Should switch statements always contain a default clause?

In one of my first code reviews (a while back), I was told that it's good practice to include a default clause in all switch statements. I recently remembered this advice but can't remember what the justification was. It sounds fairly odd to me now.

  1. Is there a sensible reason for always including a default statement?

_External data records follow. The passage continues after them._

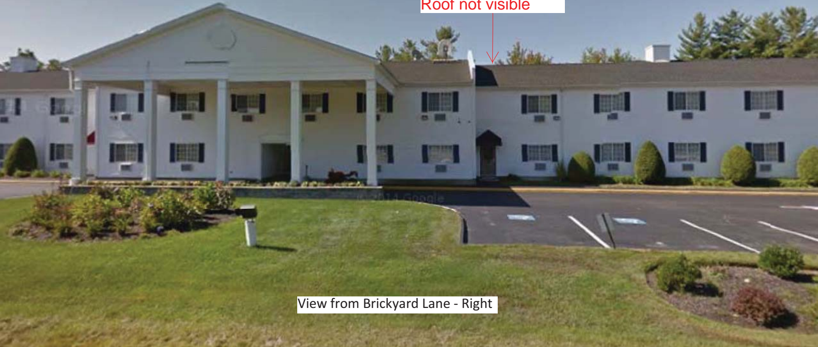
View from Brickyard Lane - Right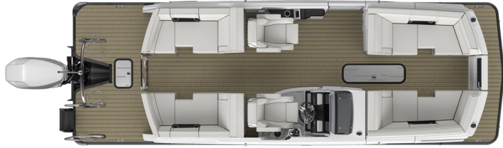
Horizon 24 C

Sit back, relax, and enjoy the "C" Layout's dual-facing bench seats. This design boasts two captain's chairs positioned for unobstructed viewing of the journey ahead. Deck space is optimized for easy movement and quick access to every point in the vessel. A custom stainless-steel gate encloses the aft area, keeping the smallest passengers and pets contained.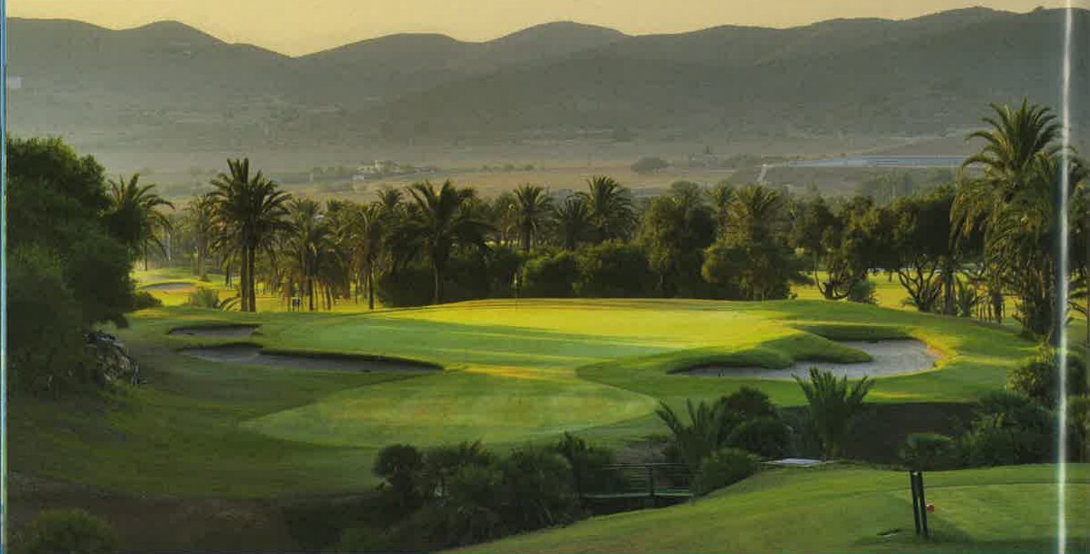
La Manga (North)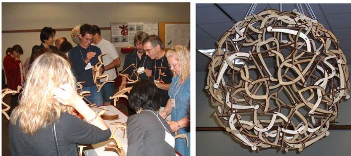
Figure 5: Work in Progress and Its Completion: a group affair led by George Hart

(vi) The Art-in-Progress Exhibit One of the more interesting features of Renaissance Banff was what one might call a show-and-tell room: a room set aside for displaying hands-on things and works in progress. Above all Renaissance Banff, like all Bridges Conferences, was a place for people who are actually doing something creative with the mathematics-arts connection to interact with others of the same breed. And what better way to do that than to have a special room for them to show their stuff and interact on a one-one basis! As an example we show here the group assembly in which many people participated to form a geometric sculpture, one meter in diameter, from 180 laser-cut wooden interlocking components.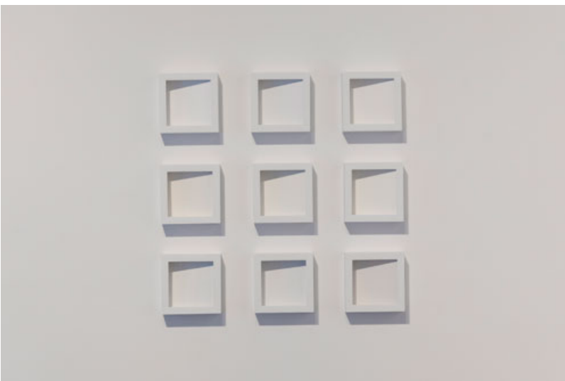
Ethan Ryman. Configuration 1, 2014. Acrylic and gesso on wood, 29 1/4 x 30 1/2 x 2 1/4 in.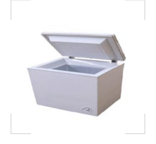
TERMS OF SALE Cash & carry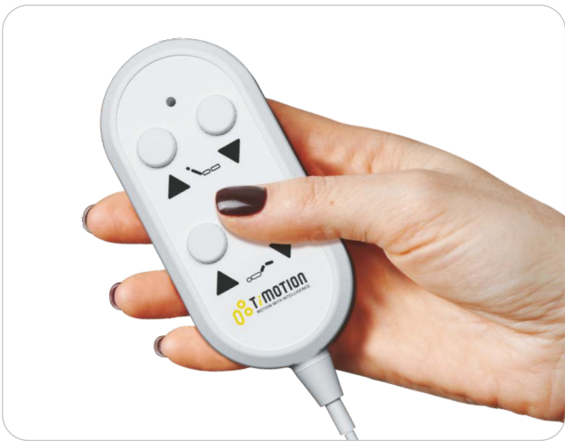
Remote Control: Easy to use, two buttons for up & down function of backrest and leg rest.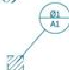
Target area (rectangle)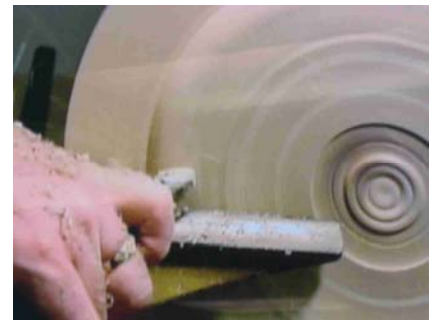
After thinning the rim, Bear is shaping the bottom profile.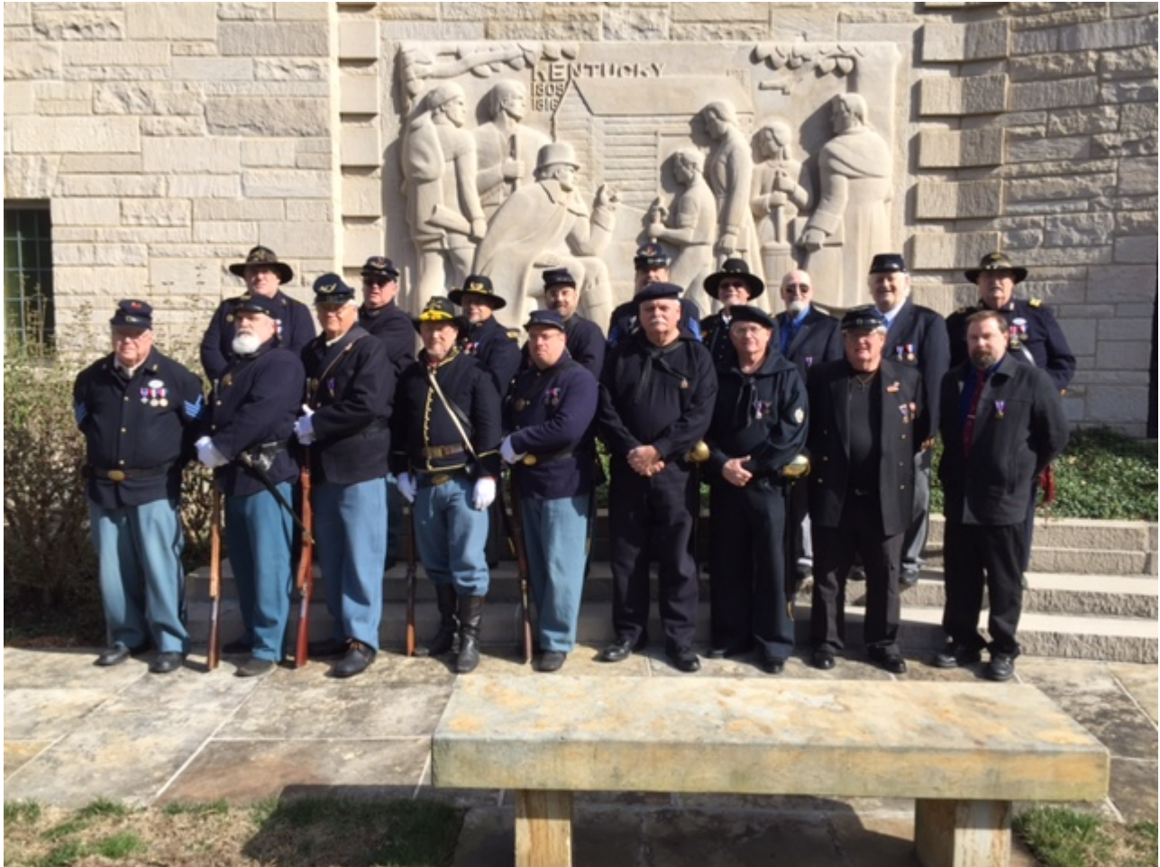
2016 Lincoln Day, Lincoln Boyhood Home National Monument, Lincoln City, Indiana, February 7, 2016.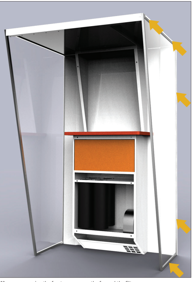
When you removing the front, you can see the fan and the filter.

The smoking cabin activated by an infrared sensor. The sensor detects the presence of people in the cabin, turn the fan on and off and lights when needed.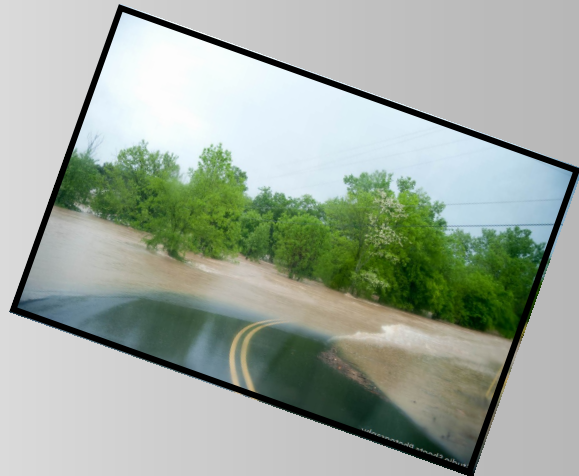
→ This is looking towards the bottom of the hill on Liberty Lane in Hendersonville, TN. 5/1/10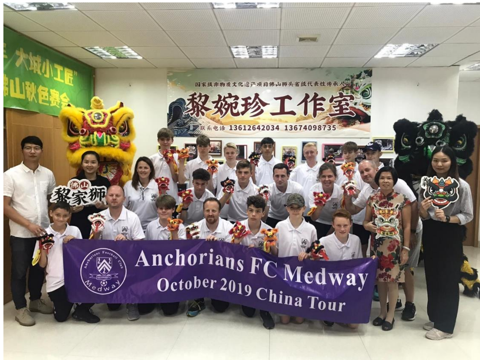
The team in a dragon making class at a local school.

October half-term saw fourteen U15 boys make the trip to Foshan, China, to take part in the now annual friendly football exchange. Once again, they were treated like royalty, with everything laid on for the team, including experiencing the local culture. The team visited several local schools, with 100s of pupils overwhelming the boys at one school, wanting to take photos and speak to the players; it was like something one might see if One Direction were coming to town! The team had 3 tough games on the trip and thoroughly enjoyed them all, creating new friends along the way, in a once in a lifetime experience.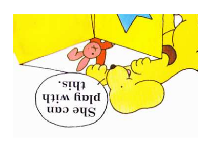
Spot looks for a toy for Susie. She can play with this.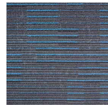
Sapphire on Black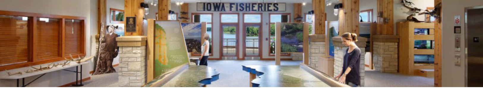
Allamakee County Conservation Board / Main Street Studios

  2. Is this language dependent? I don't remember what language I was using at the time - maybe this applies to some languages and not to others?


Solution 1:

Switch cases should almost always have a default case.

Reasons to use a default

1.To 'catch' an unexpected value

switch(type)
{
    case 1:
        //something
    case 2:
        //something else
    default:
        // unknown type! based on the language,
        // there should probably be some error-handling
        // here, maybe an exception
}

2. To handle 'default' actions, where the cases are for special behavior.

You see this a LOT in menu-driven programs and bash shell scripts. You might also see this when a variable is declared outside the switch-case but not initialized, and each case initializes it to something different. Here the default needs to initialize it too so that down the line code that accesses the variable doesn't raise an error.

3. To show someone reading your code that you've covered that case.

variable = (variable == "value") ? 1 : 2;
switch(variable)
{
    case 1:
        // something
    case 2:
        // something else
    default:
        // will NOT execute because of the line preceding the switch.
}

This was an over-simplified example, but the point is that someone reading the code shouldn't wonder why variable cannot be something other than 1 or 2.


The only case I can think of to NOT use default is when the switch is checking something where its rather obvious every other alternative can be happily ignored

switch(keystroke)
{
    case 'w':
        // move up
    case 'a':
        // move left
    case 's':
        // move down
    case 'd':
        // move right
    // no default really required here
}

Solution 2:

No.

What if there is no default action, context matters. What if you only care to act on a few values?

Take the example of reading keypresses for a game

switch(a)
{
   case 'w':
     // Move Up
     break;
   case 's':
     // Move Down
     break;
   case 'a':
     // Move Left
     break;
   case 'd':
     // Move Right
     break;
}

Adding:

default: // Do nothing

Is just a waste of time and increases the complexity of the code for no reason.